Advertisement

Büyüme rakamları beklenenden düşük geldi. Ekonomiyi istihdam ve kalkınma göstergeleriyle izleyenlerin moralleri biraz bozuldu. Son çeyrekte yüzde 5 civarında büyüme olmazsa yıl sonunda OVP hedefi tutmaz. Büyümenin iki öncü göstergesi de bu yorumu destekliyor. Sanayi imalatı verileri beklenenden hızlı düşüyor. Yanı sıra ödemeler dengesi rakamları da büyüme dostu değil.

FİNANSMANI BOZULUYOR
Cari açıktaki azalış devam ediyor. Ekim ayı itibarıyla 2 milyar doların altına düştü. Buna karşılık finansman kalemleri geçen yıldan farklı seyrediyor. Doğrudan yabancı sermaye girişleri 2011 'in ilk on ayına göre düşmüş. Finansman gereğinin azalmasının bir sonucu gibi görülebilir. Ancak aynı gelişme hisse senedi ve kamu borç senetlerinde görülmüyor. Oradaki girişler geçen yılın aynı döneminin iki katı daha fazla. Özellikle kamu kâğıtlarına yapılan 24 milyar dolarlık yatırım dikkat çekiyor. Hangi tanımla bakarsanız bakın sıcak para girişi ekonominin döviz ihtiyacından fazla. Böylelikle Merkez Bankası rezervlerine 22.6 milyar dolar eklemiş.

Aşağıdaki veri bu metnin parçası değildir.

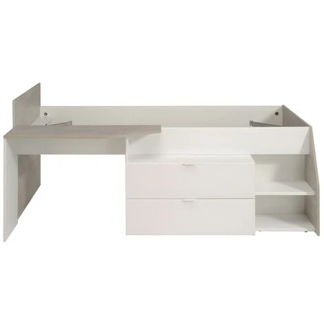 En un seul lit, profitez de toutes sortes de rangements : un bureau, un espace bibliothèque, 2 tiroirs façon commode, un espace de rangement sous le lit.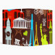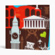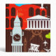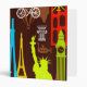 This design features a pattern of brightly colored icons from around the world.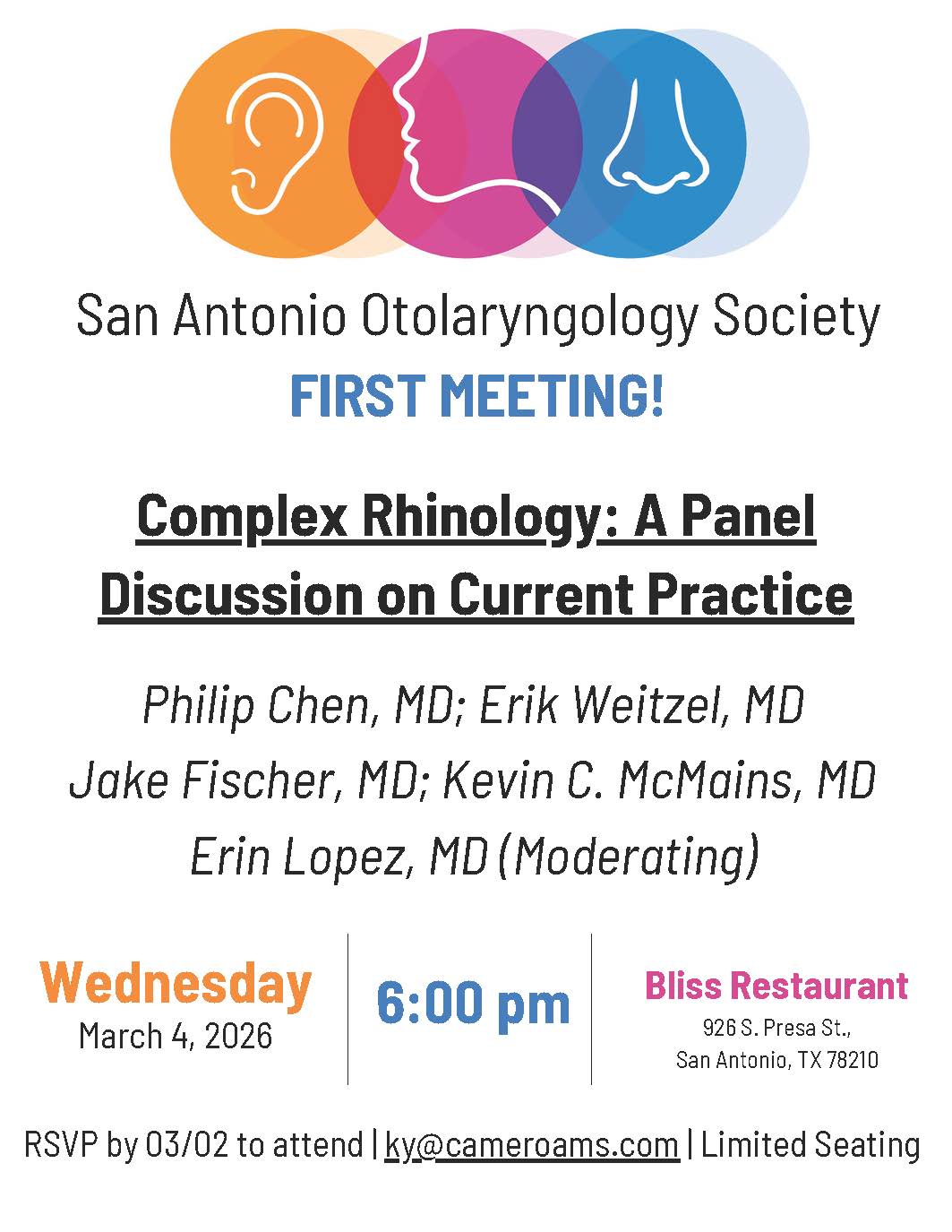 San Antonio Otolaryngology Society (SAOS)The purpose of the San Antonio Otolaryngology Society (SAOS) is to improve patient care by advancing scientific knowledge in the field of Otolaryngology - Head and Neck Surgery and to promote good fellowship among members of the society. SAOS was founded on June 1, 2025 as a non-profit organization in response to the need to increase communication and foster camaraderie among surgeons practicing otolaryngology in San Antonio as well as provide continuing education. Board Members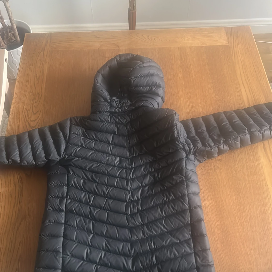 Säljer en svart dunjacka från Peak Performance med snygg quiltad design och huva. Jackan har dragkedja framtill och två sidofickor. Perfekt för kalla dagar och har en modern, sportig look som funkar till de flesta stilar.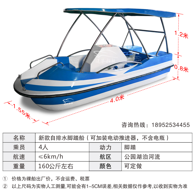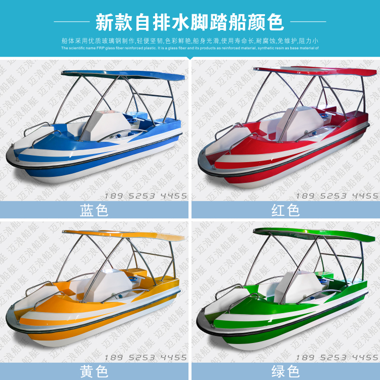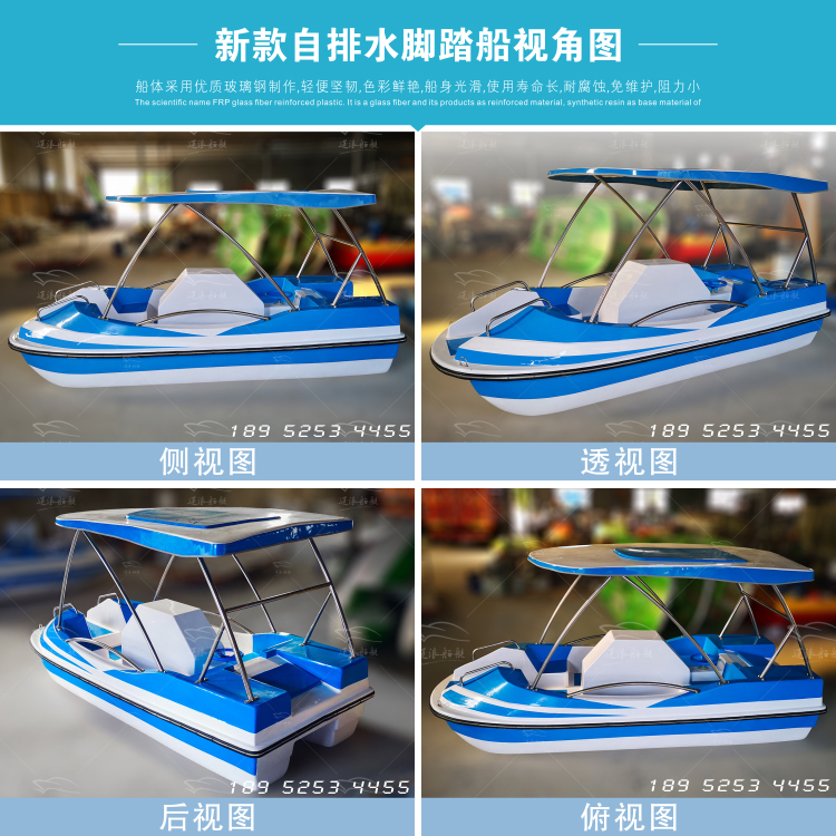 New self-draining pedal boat park cruise 4-5 people electric leisure sightseeing FIBERGLAS cruise fishing boat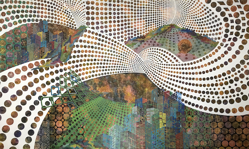 Imagine if we took a mega-microscopic camera to our environment to capture the mechanisms of dynamic natural systems. Revealed are never-ending, self-repeating patterns that continue in expanding scales known as fractals. Fractal geometric patterns are ubiquitous in the universe, helping us to understand the energetic fabric that contains all life. Eastern philosophy, Western science, math, and art collide in Behartawan’s complex images, also known as Awangart. His creations combine drawing, painting, digital design and photography.
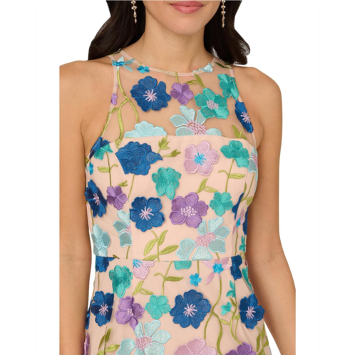 - Get ready for a fun party or casual date by wearing the Adrianna Papell Embroidered Column Midi Dress. The lace detailing on the neckline and back gives it an eye-catching appeal. This printed dress is designed with a sleeveless style and a halter neckline. The zippered back closure of the dress offers easy wear while the slit at the back makes it easy to move around. Grab everyone's attention at the party by wearing this embroidered dress.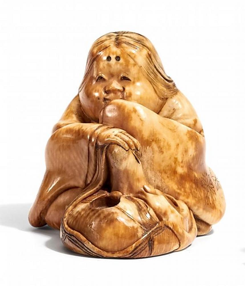 NETSUKE. OKAME MIT TENGU-MASKE IN TUCH. ELFENBEIN. SIGN.: KÔGYOKU.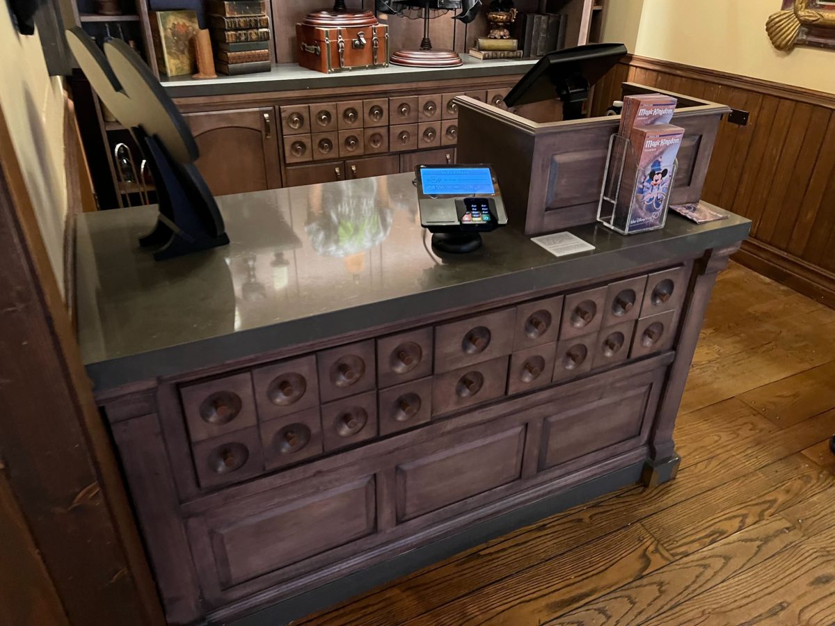 The table the register sits on resembles a gorgeous antique wooden desk, which enhances the stately look of the place.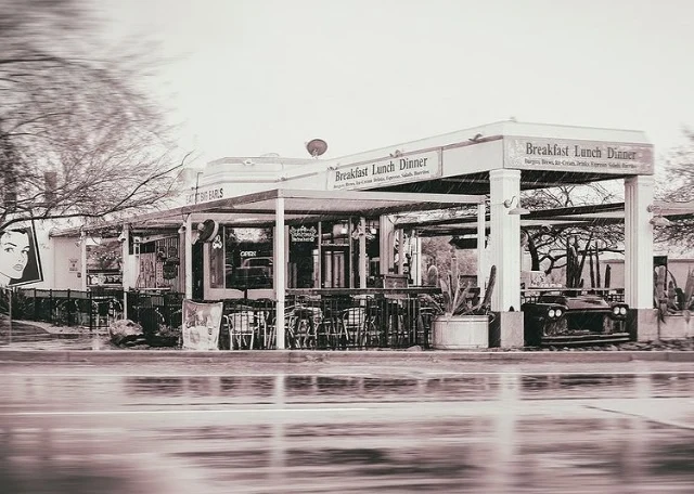 Currently this building is home to an Italian style restaurant. The building has a great history and holds the distinction as possibly the oldest continuously operated business site in the Town Core. Starting as a humble country store near the end of a dusty the Black Mountain Store served Cave Creek from the late 1940’s. Transformed in the early 1950’s to the Cave Creek Inn, it was a stop for weary travelers. The Inn became Trois Amis for a period, then a Mexican food restaurant, and currently our Oregano’s.

Özetlemek gerekirse dışarıdan gelen kaynak büyüme değil yabancı yatırımcı dostu. Gelelim büyüme rakamlarına. Öncelikle açığa kavuşturulması gereken bir soru var. Altın ihracatının büyümeye katkısı ne kadar? Bu konuyu gündeme getirmek istememin nedeni, Kalkınma Bakanlığı-'nın Ankara Milletvekili Bülent Kuşoğlu'nun soru önergesine verdiği cevap. Bakanlık aynen şöyle demiş: "2012 yılının ilk çeyreğinde altın ihracatındaki artışın GSYH artışına katkısı 0.42, ithalattaki azalmanın katkısı ise 0.24 puan olarak hesaplanmıştır. Buna göre, 2012 yılının ilk çeyreğinde büyümeye altın dış ticaretinden kaynaklanan toplam katkı 0.65 puan olmaktadır. Net altın ihracatının büyümeye pozitif katkısı olabilmesi için bunun kaynağının yurtiçi üretim olması (katma değer yaratması) gerekmektedir. Altın ihracatının büyümeye katkısı hesaplanırken bu varsayım yapılmıştır."

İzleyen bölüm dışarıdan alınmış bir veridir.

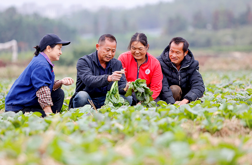 致富帶頭人何力(左二)在向村民傳授蔬菜種植技術(shù)。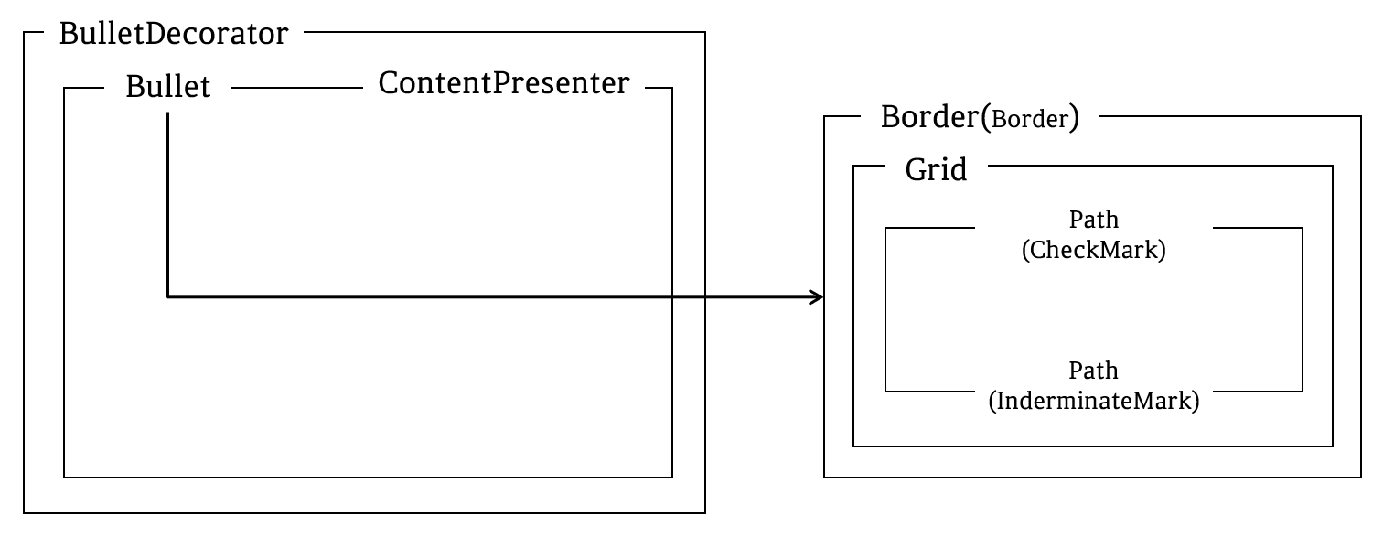 예제의 CheckBox 구성을 이미지로 나타내어보면 위와 같이 BulletDecorator가 BulletDecorator.Bullet와 ContentPresenter를 감싼 모습입니다.

Bu hesaplar ilk üç ay için. Umarım Kalkınma Bakanlığı; Ali Babacan'ın, İran'a giden altının ihracat değil, ithal edilen doğalgaz ve petrol için yapılan ödeme olduğunu açıklamasından sonra, yılın kalan dönemi içinde bu hesabı tekrar yapar ve açıklar. Bizde yüzde 2.6'lık büyüme nereye düşer anlarız.

HANEHALKI PAY ALAMIYOR
Kanımca büyüme rakamları üzerinde durulması gereken daha önemli konu hanehalkının tüketimindeki azalma. Bu yılın ilk dokuz ayında insanlar tüketememiş. Benzeri gelişme 2001 ve 2009 yıllarında da görülmüş. O yıllar kriz yılları. Özel sektörün harcamalarında da düşüşler görülüyor. Reel olarak yatırımlarda azalma var. Büyümeyi kurtaran kamu harcamaları ve ihracat. Kamunun 2012 bütçesinde başlangıç ödeneklerine göre 13 milyar lira daha fazla harcama yapmayı planladığını biliyoruz. Bu bağlamda oradan gelen katkı bekleniyordu. İhracatın katkısı ise yukarıdaki "altın ihracatı-ithalat ödemesi" konusunun açığa kavuşmasıyla daha netleşecek. Büyüyen ekonomide insanlar harcamalarını çoğaltamıyorsa refahtan pay alamıyorlar demektir. Diğer bir deyimle ekonominin büyüdüğünden bahsederken, aileler daha az tüketebiliyorlar. O zaman bu büyümenin faydası kime? Hanehalkı tüketemiyor, reel sektör yatırım yapamıyorsa büyüme rakamı üç olmuş beş olmuş ne fark eder. İnsanların tüketimlerini azaltmalarının en etkin nedeni gelirlerinin artmaması. Tüketebilmek için borçlanmak zorundalar. Karar vericilerin önünde iki seçenek var. Hanehalkının harcanabilir gelirlerini yükseltmek ya da daha fazla borçlanmalarına yardımcı olmak için TCMB faizlerini düşürmesi. Ben siyasilerin ikinciyi seçeceklerine inanıyorum.